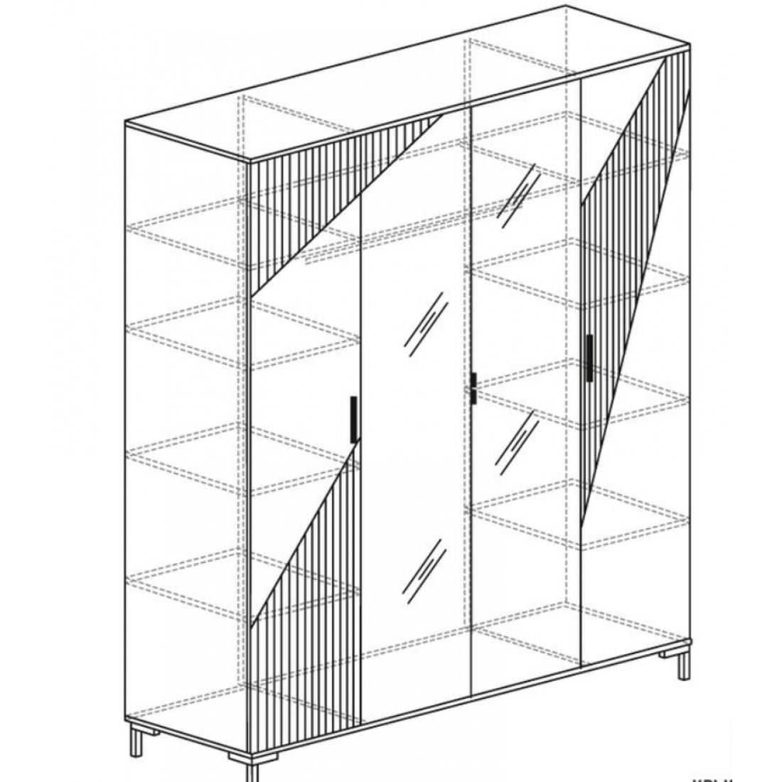 Фасады: МДФ, декор – кашемир серый, патина золото, зеркало с гравировкой
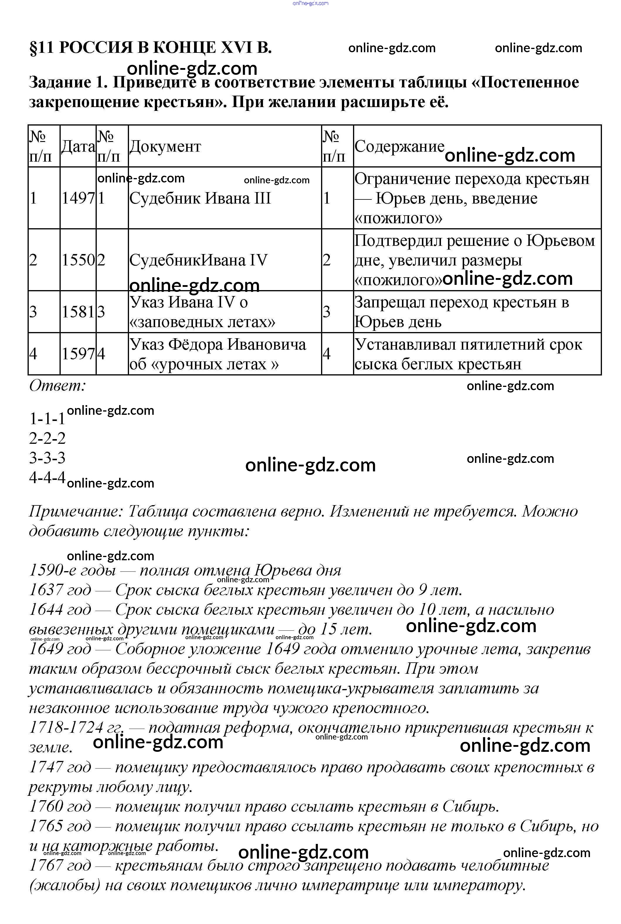Готовые домашние задания по Истории за 7 класс Рабочая тетрадь Данилов, Косулина УМК 2016 - §11. Россия в конце XVI в. 1
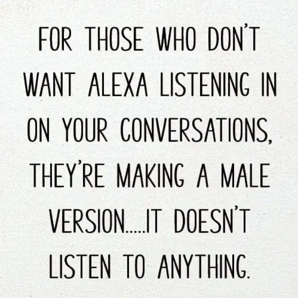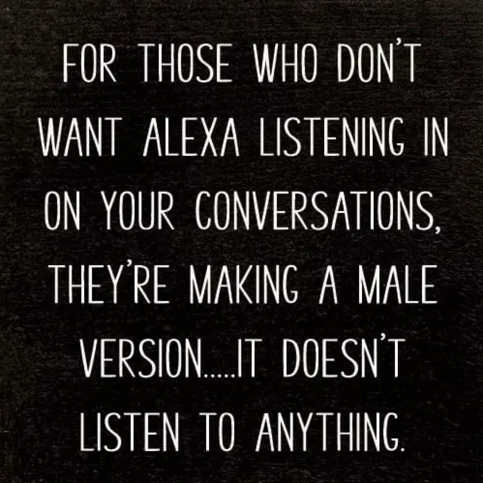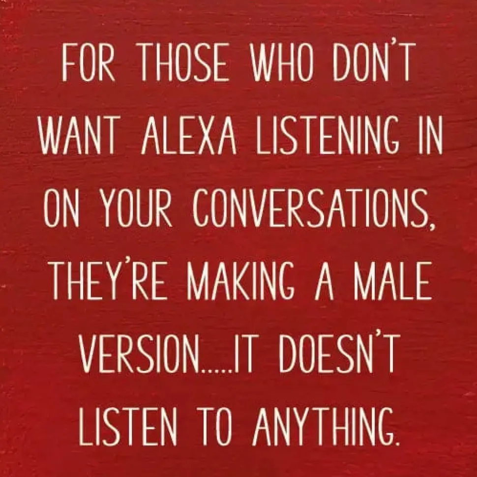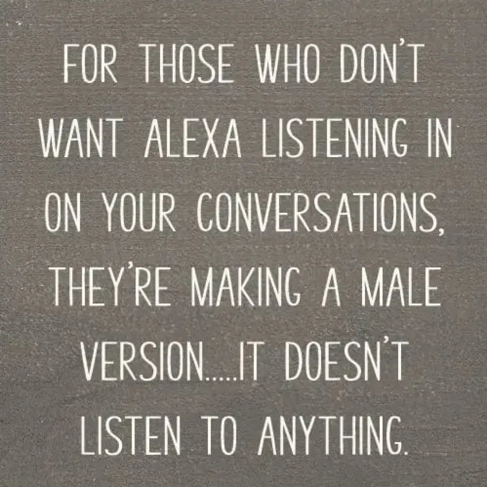 Funny handmade in the USA solid wood sign with the saying, “For those who don’t want Alexa listening in on your conversations, they’re making a male version…it doesn’t listen to anything.”

- What the task asks: Return the data verbatim, leaving out the pictures it holds.

- Solution below:
 Фасады: МДФ, декор – кашемир серый, патина золото, зеркало с гравировкой
Готовые домашние задания по Истории за 7 класс Рабочая тетрадь Данилов, Косулина УМК 2016 - §11. Россия в конце XVI в. 1
 Funny handmade in the USA solid wood sign with the saying, “For those who don’t want Alexa listening in on your conversations, they’re making a male version…it doesn’t listen to anything.”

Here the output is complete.